Asphalt Resurfacer - This special vehicle defies building with Car Wars rules. It is a large (its counter is 1" wide by 2" long) tracked vehicle that moves at a top speed of 5 mph (its normal speed is about U mph). It weighs 14,000 Lbs. and costs $100,000. It has 5 points of metal armor on all facings, and a one-man crew. Its purpose is to scrape old asphalt off a road surface, heat it, mix it with new asphalt and tar, and resurface the road behind it. Its back end is a tremendous hopper full of heated asphalt and tar; if breached, the hopper spills this hellish mixture behind it (or beside it, if breached from the side) like an oil dropper. This spill continues for 120 turns (divided by the number of sides breached). Any vehicle or pedestrian moving through this spill sustains 1d damage and a fire modifier of 1, duration 1 (vehicles take damage to all tires and bottom; each item sustains Id damage), and vehicles suffer a D3 hazard.
Steam Roller - Another special vehicle defying quantification in Car Wars terms, this vehicle consists of two titanic metal rollers and a chassis in between. This chassis contains a small truck power plant, the driver, and an MG in a universal turret. Each facing has 4 points of metal armor, and each of the two rollers has 50 DP (metal). The roller weighs 12,000 Lbs.. has a top speed of 30 mph and HC 3, and costs $65,000. A steam roller can "steamroller" vehicles like a large truck.
Defend the Road - Have the PCs act as security, either part-time or full-time, guarding a roadwork area from hostiles - drivers with bad tempers and no brains, hurried truckers trying to speed through and make their deadlines, outlaw gangs looking to loot some machinery, and even rival construction companies out to ruin the timetable for road completion.
Chain-Gang Bang-Bang - A chain gang is being used to prepare a road bed for a new road. Prison guards watch from their vehicles, ready to gun down any would-be escapees - and some always try, using their digging implements to sever the chains (a few good licks from a pick-axe can break off the chains). Play the part of rescuers, hired by a convict's friends to free the unjustly (or justly) imprisoned convict, dating the guns of the guards in an heroic breakout. Or play the guards, hired to waste these human dregs if they try anything funny... and that goes for their friends, too.

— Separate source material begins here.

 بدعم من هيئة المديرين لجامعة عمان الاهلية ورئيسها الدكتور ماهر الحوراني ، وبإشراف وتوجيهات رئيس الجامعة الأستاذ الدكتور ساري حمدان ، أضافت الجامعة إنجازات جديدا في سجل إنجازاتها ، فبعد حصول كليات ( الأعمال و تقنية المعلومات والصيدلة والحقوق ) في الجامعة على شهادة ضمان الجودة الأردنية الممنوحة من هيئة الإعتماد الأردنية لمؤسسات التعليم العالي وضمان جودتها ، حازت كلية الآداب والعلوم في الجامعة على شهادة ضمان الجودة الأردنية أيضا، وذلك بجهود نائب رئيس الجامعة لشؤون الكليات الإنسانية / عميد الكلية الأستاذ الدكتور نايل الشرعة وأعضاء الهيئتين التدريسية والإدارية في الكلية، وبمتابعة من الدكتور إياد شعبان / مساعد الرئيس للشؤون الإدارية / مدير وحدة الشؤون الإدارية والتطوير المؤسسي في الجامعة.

Attack the Road - Some duellists don't care who they work for, as long as the money's good. Engage in a bit of mindless (but well-paid) sabotage, either creeping in under cover of darkness to ruin a few bulldozers, or launching a full attack in broad daylight on the contractor's defenses. Either way, it's time to party with road security, and it's guaranteed that this party won't be dull...

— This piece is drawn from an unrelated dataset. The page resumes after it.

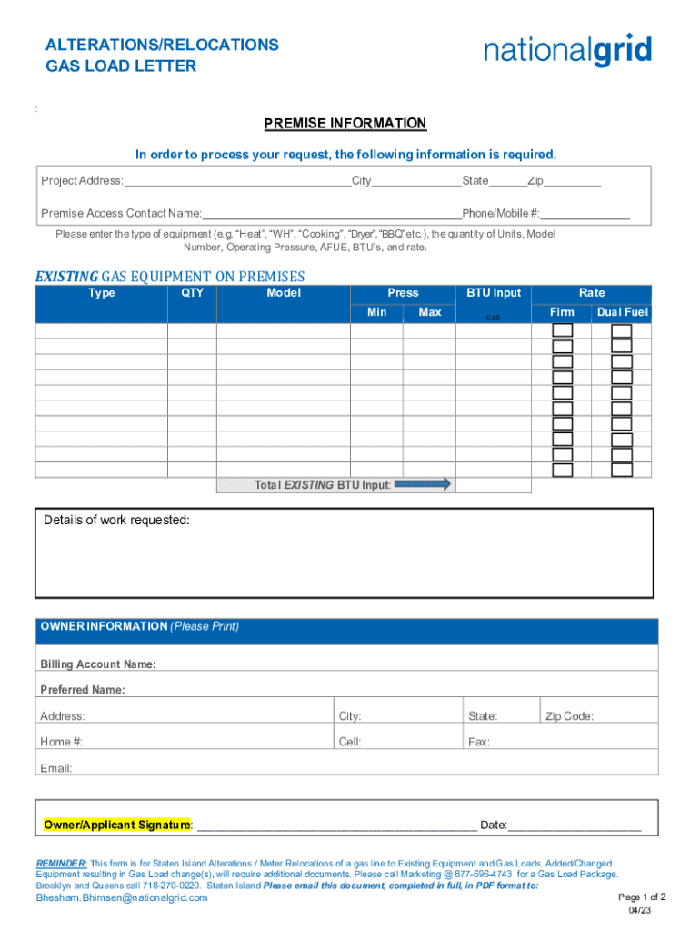 GAS LOAD LETTER

Roadwork Mini-Campaign - Take over the job of security for a road project! It's only a resurfacing, but it'll take a year (averaging 41 mile per week), and there are jealous competitors who want to see your employer blow the contract, so they can move in! Security is budgeted for $200,000 per month, or 2.4 million dollars, the lion's share of it to be used in initial outlay for security equipment. Security personnel are paid $1,000 per month, and machines have to be maintained and serviced. The prize? The security service gets to keep any money left over from their budget! But don't succumb to the temptation to go cheap, because the contractor's enemies don't play nice. They try everything from small, infrequent bombing runs with crater bombs to midnight sabotage to frontal attacks by hired crazies, and security can't afford to be asleep at the switch!